#### Exercise prompt:
Leave the images out and write out each entry exactly as shown.

Start of Data section

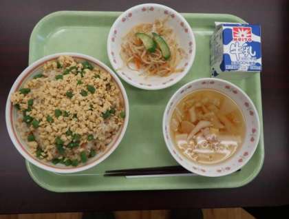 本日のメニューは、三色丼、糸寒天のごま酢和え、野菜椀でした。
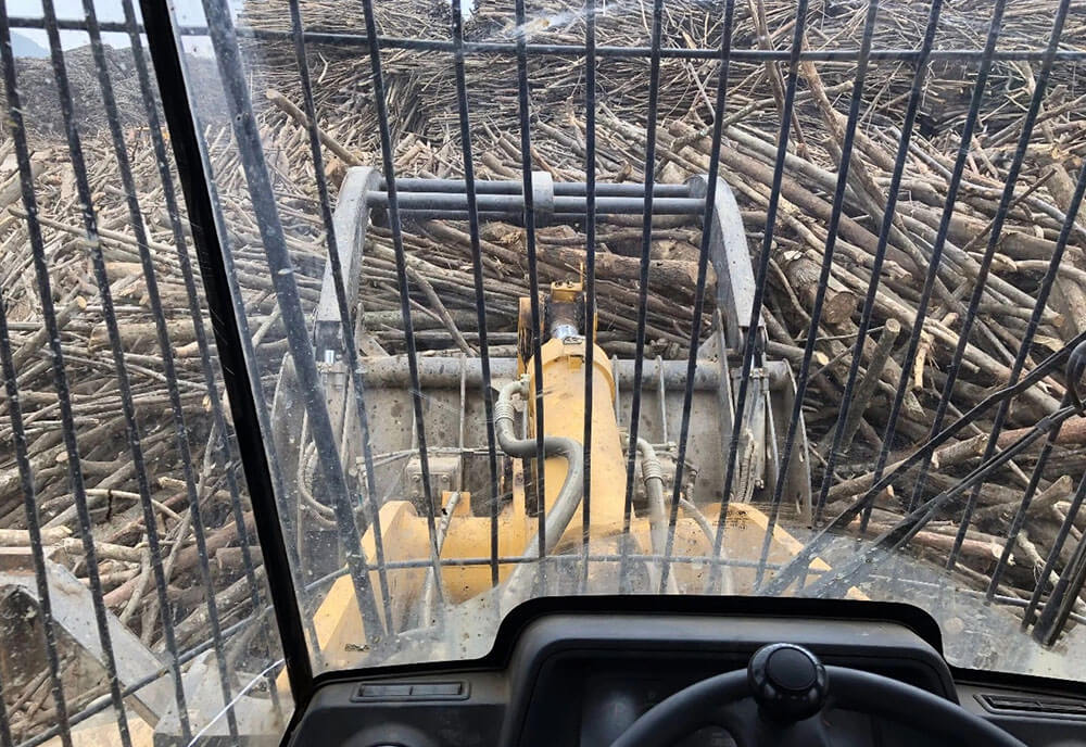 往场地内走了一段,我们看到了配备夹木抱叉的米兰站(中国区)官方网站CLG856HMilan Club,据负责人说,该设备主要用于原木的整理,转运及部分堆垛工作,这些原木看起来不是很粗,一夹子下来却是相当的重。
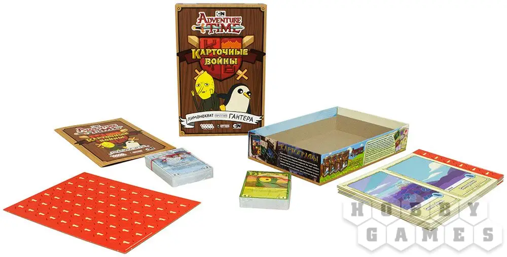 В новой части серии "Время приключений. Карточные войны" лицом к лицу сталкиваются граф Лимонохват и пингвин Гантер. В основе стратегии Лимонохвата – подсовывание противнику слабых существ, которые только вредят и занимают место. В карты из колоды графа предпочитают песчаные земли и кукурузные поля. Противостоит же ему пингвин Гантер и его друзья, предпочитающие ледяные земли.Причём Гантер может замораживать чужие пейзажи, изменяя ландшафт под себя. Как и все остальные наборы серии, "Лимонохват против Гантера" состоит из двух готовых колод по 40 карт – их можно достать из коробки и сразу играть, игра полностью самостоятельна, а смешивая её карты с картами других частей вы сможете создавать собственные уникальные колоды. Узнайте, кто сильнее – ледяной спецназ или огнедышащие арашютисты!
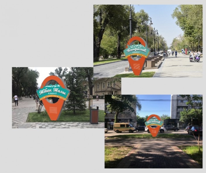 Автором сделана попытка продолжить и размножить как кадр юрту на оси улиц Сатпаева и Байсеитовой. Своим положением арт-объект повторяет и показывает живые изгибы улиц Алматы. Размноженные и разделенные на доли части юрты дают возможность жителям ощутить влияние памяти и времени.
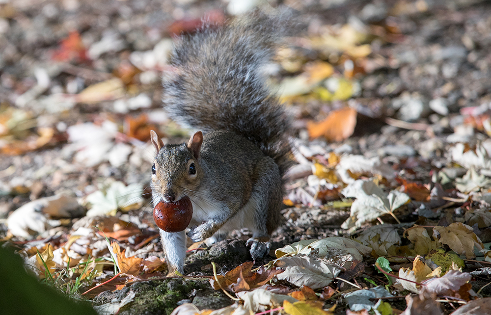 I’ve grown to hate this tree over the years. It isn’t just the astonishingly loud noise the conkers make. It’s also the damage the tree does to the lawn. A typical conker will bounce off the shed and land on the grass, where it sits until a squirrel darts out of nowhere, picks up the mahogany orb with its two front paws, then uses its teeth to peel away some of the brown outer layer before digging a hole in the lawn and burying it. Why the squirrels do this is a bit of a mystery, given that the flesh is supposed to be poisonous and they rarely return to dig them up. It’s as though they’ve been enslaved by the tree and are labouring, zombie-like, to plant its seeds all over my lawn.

End of Data section

#### Answer for this exercise:
 本日のメニューは、三色丼、糸寒天のごま酢和え、野菜椀でした。
 往场地内走了一段,我们看到了配备夹木抱叉的米兰站(中国区)官方网站CLG856HMilan Club,据负责人说,该设备主要用于原木的整理,转运及部分堆垛工作,这些原木看起来不是很粗,一夹子下来却是相当的重。
 В новой части серии "Время приключений. Карточные войны" лицом к лицу сталкиваются граф Лимонохват и пингвин Гантер. В основе стратегии Лимонохвата – подсовывание противнику слабых существ, которые только вредят и занимают место. В карты из колоды графа предпочитают песчаные земли и кукурузные поля. Противостоит же ему пингвин Гантер и его друзья, предпочитающие ледяные земли.Причём Гантер может замораживать чужие пейзажи, изменяя ландшафт под себя. Как и все остальные наборы серии, "Лимонохват против Гантера" состоит из двух готовых колод по 40 карт – их можно достать из коробки и сразу играть, игра полностью самостоятельна, а смешивая её карты с картами других частей вы сможете создавать собственные уникальные колоды. Узнайте, кто сильнее – ледяной спецназ или огнедышащие арашютисты!
 Автором сделана попытка продолжить и размножить как кадр юрту на оси улиц Сатпаева и Байсеитовой. Своим положением арт-объект повторяет и показывает живые изгибы улиц Алматы. Размноженные и разделенные на доли части юрты дают возможность жителям ощутить влияние памяти и времени.
 I’ve grown to hate this tree over the years. It isn’t just the astonishingly loud noise the conkers make. It’s also the damage the tree does to the lawn. A typical conker will bounce off the shed and land on the grass, where it sits until a squirrel darts out of nowhere, picks up the mahogany orb with its two front paws, then uses its teeth to peel away some of the brown outer layer before digging a hole in the lawn and burying it. Why the squirrels do this is a bit of a mystery, given that the flesh is supposed to be poisonous and they rarely return to dig them up. It’s as though they’ve been enslaved by the tree and are labouring, zombie-like, to plant its seeds all over my lawn.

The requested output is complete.